Anyways, it turns out that, to the surprise of nobody, diesels in Europe in actual driving conditions don’t meet emissions standards, according to an independent testing group. In fact, more than half of the diesels that they drove around failed to meet any of the Euro emissions standards that have ever been in place, and put out 12 times the current legal limit. That is what happens when your emissions tests work with kids’ gloves, I suppose.

All-New Buick Excelle GT Debuts in China

In other international news, foreign automakers will soon be able to get a bigger stake in the Chinese market, as the long-standing 50/50 rule, where foreign carmakers had to form a joint venture split 50/50 with a domestic carmaker to sell cars in China, is showing signs of going away. For the global carmakers, that’s great—they will control more of their own production and so on. For the domestic ones, that’s bad—basically, according to analysts, that’s because they are bad.

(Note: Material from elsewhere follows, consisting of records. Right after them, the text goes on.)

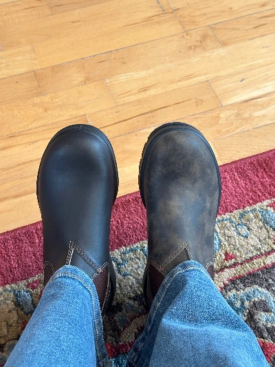 왼쪽이 신다 보면 자연스럽게 오른쪽처럼 된다고 한다. 아주 멋스럽다!
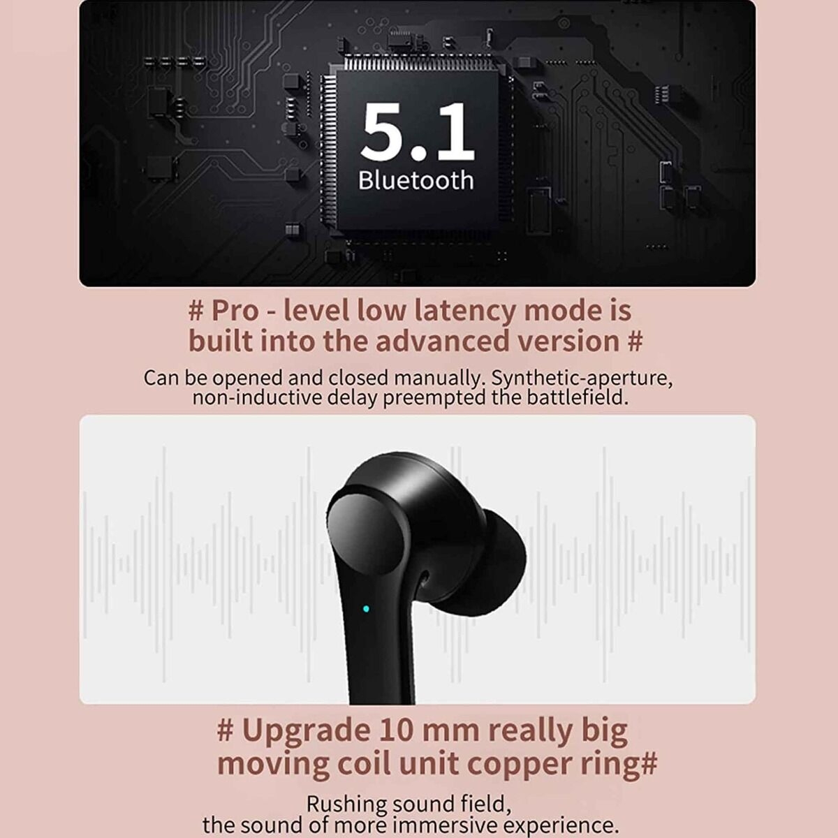 Bytech Bluetooth Plated Earbuds - BLACK (Only Ground Shipping)
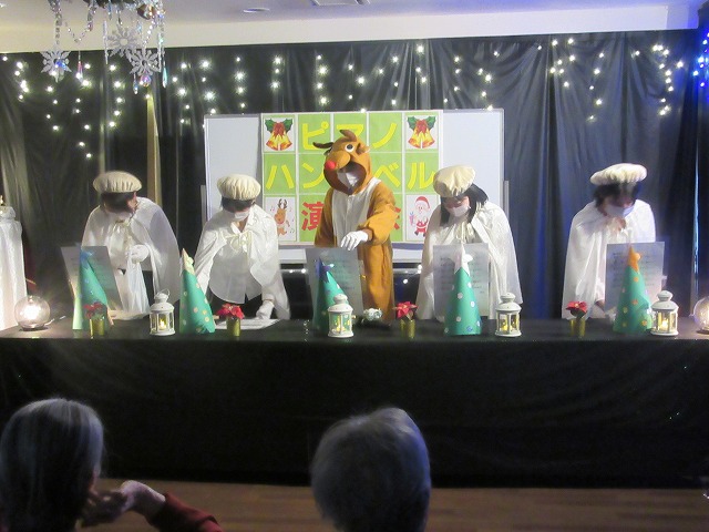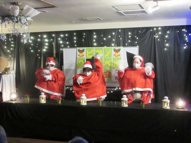 午後の職員による余興はダンス、ハンドベル、ピアノ演奏です。
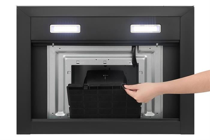 - Bộ lọc khử mùi than hoạt tính (tích hợp trong máy) giúp hấp thụ và khử mùi hiệu quả, trả lại bầu không khí trong lành cho gian bếp. Tùy vào tần suất sử dụng, người dùng nên thay than hoạt tính sau 6 - 12 tháng sử dụng, tần suất dùng cao có thể thay sau 3 tháng.
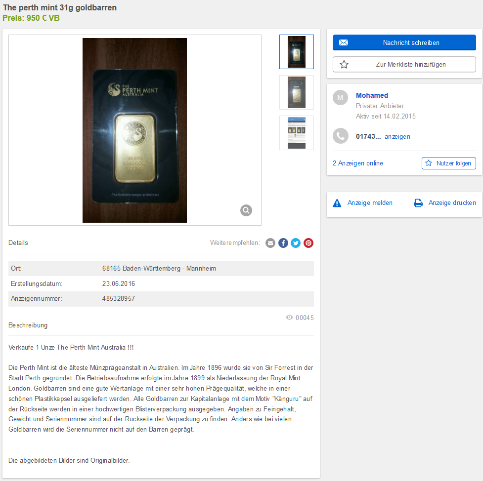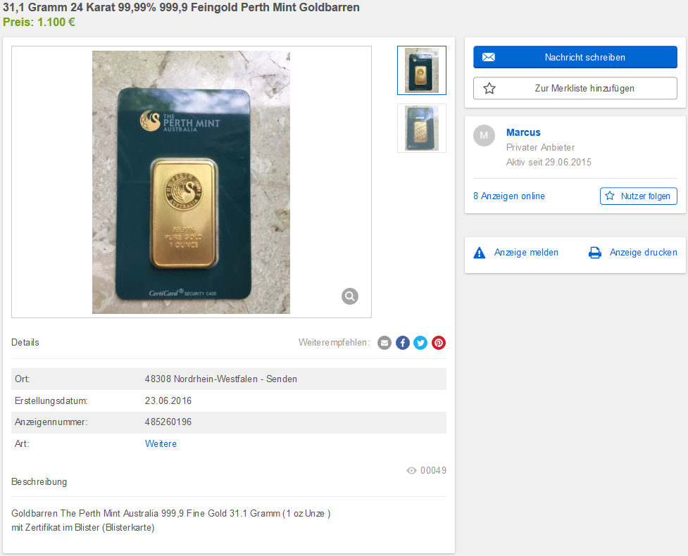 ebay-Kleinanzeigen, 10g Umicore Goldbarren mit der AnzeigenNr: 483925713

Finally, I was somewhat annoyed this past week to find out that BMW has recently been holding conferences where they talk about the company being under “electric attack” which they direly need to come back from, since they haven’t been making much progress in selling electric vehicles. However, despite releasing a few comparatively short-ranged plug-in hybrids on already-popular models, BMW hasn’t made a big change to its electric “i” subbrand since the introduction of the i3 and i8. While cool and much-hyped at their launch, those models are in need of a refresh, or at least a new sibling. At the very least, BMW could stand to push its plug-in electrics more.